I have 2 African chiclids in a little 5 gallon tank. They're both new. I got one one day and another the next. The one I got the first day chases the other around and I'm afraid that the one that's being chased is getting stressed. Is there anything I can do or do I just sit here, watch it get chased and die?


----------



## Lexus (Jan 19, 2005)

Read the other post... you cannot keep cichlids in a 5g.


----------



## mk_ultra (Feb 26, 2005)

:lol:
watch it die. :lol: 
Sorry, couldn't help it. Even a breeding pair of brevis or multis need more space.


----------



## fishfreaks (Jan 19, 2005)

you should put them in a bigger tank and give hiding spots. they would be much happier then!


----------



## X-Pande-R (Feb 15, 2005)

Firstly like above, to small. The only thing you can do now is get a bigger tank or make alot of hiding spots or use some fake plants,rocks,caves so it can take cover.What are they anyway?


----------



## Lexus (Jan 19, 2005)

Well it was stated in a diff. post that they are the assorted ones from walmart which means they could be anything, but I was thinking zebra and a yellow lab


----------



## fish_doc (Jan 31, 2005)

The best thing to do when adding new fish that may be agressive is to move the ornaments around in the tank. This messes with their territories. But as has been stated start planing now to get a bigger tank. As they grow they will only become more agressive with eachother in such a small space.


----------



## ritzgirl34 (Jan 20, 2005)

Perhaps a Julidochromis? I've seen them at walmart before.


----------



## HeatherH (Feb 26, 2005)

no matter what... cichlids shouldnt be kept in a 5g tank. I don t think there are to many fish that should be period.


----------



## E (Mar 8, 2005)

Get another tank. The picked on fish won't eat and will die. Buy another 5, put it on your kitchen counter, put one fish in each tank, then give away the africans and get killies or guppies. Or go buy a 55 gallon tank. Walmart had them after Christams for $148, If you want to Malawi Mbuna, its about the minimum.

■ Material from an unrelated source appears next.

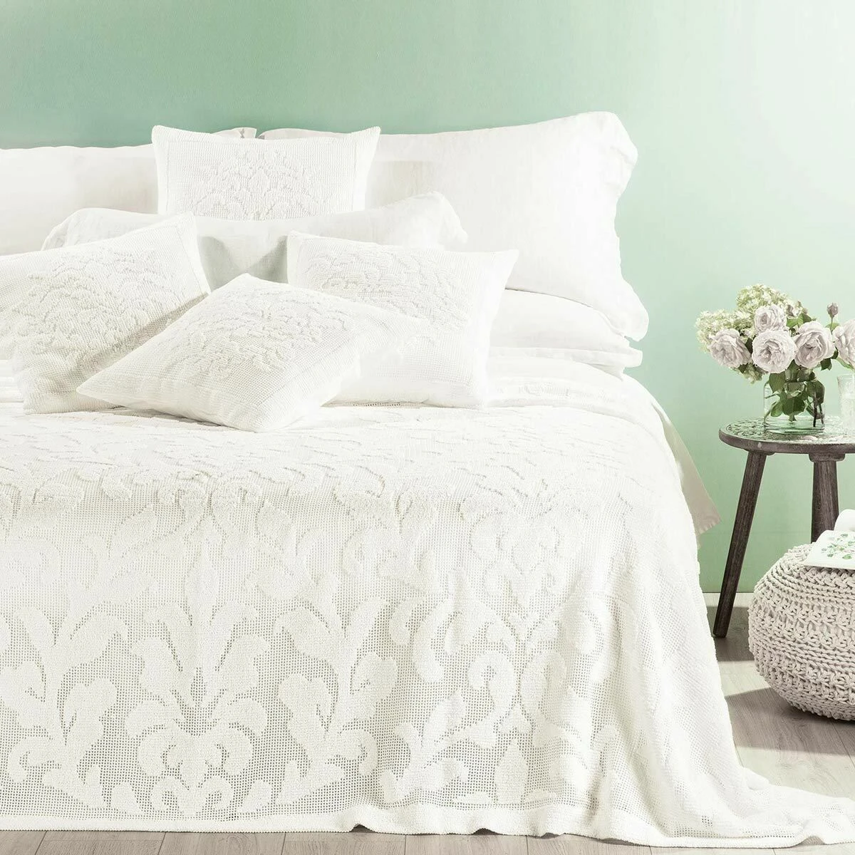Il copriletto Camogli di Caleffi è realizzato con una lavorazione in filo traforata che dona grande eleganza a questo capo. Il colore bianco trasmette alla vista una sensazione di freschezza, ulteriormente amplificata dal suo tipo di lavorazione, e rende questo capo facilmente abbinabile a vari stili di arredamento.

I must confess, I do have a pair of Apistogramma Inca breeding in a 5 gallon tank, however the 3/4" in. long female, keeps the inch long male up in the corner, so I'm going to move them to a larger tank. 

Even small julidichromis should have a 20 long.


----------



## Cichlid Man (Jan 19, 2005)

*Re: stressed Cichlids*



> I keep cichlids in a 5 gallon tank and one of them always chases the other, what shall I do?


My advice to you is, dont keep cichlids.
If you want to keep an aggressive African cichlid, then a much larger tank, with plenty of hiding places and other fish is required.


----------



## Lexus (Jan 19, 2005)

A 5g is good for a betta and thats about it.


----------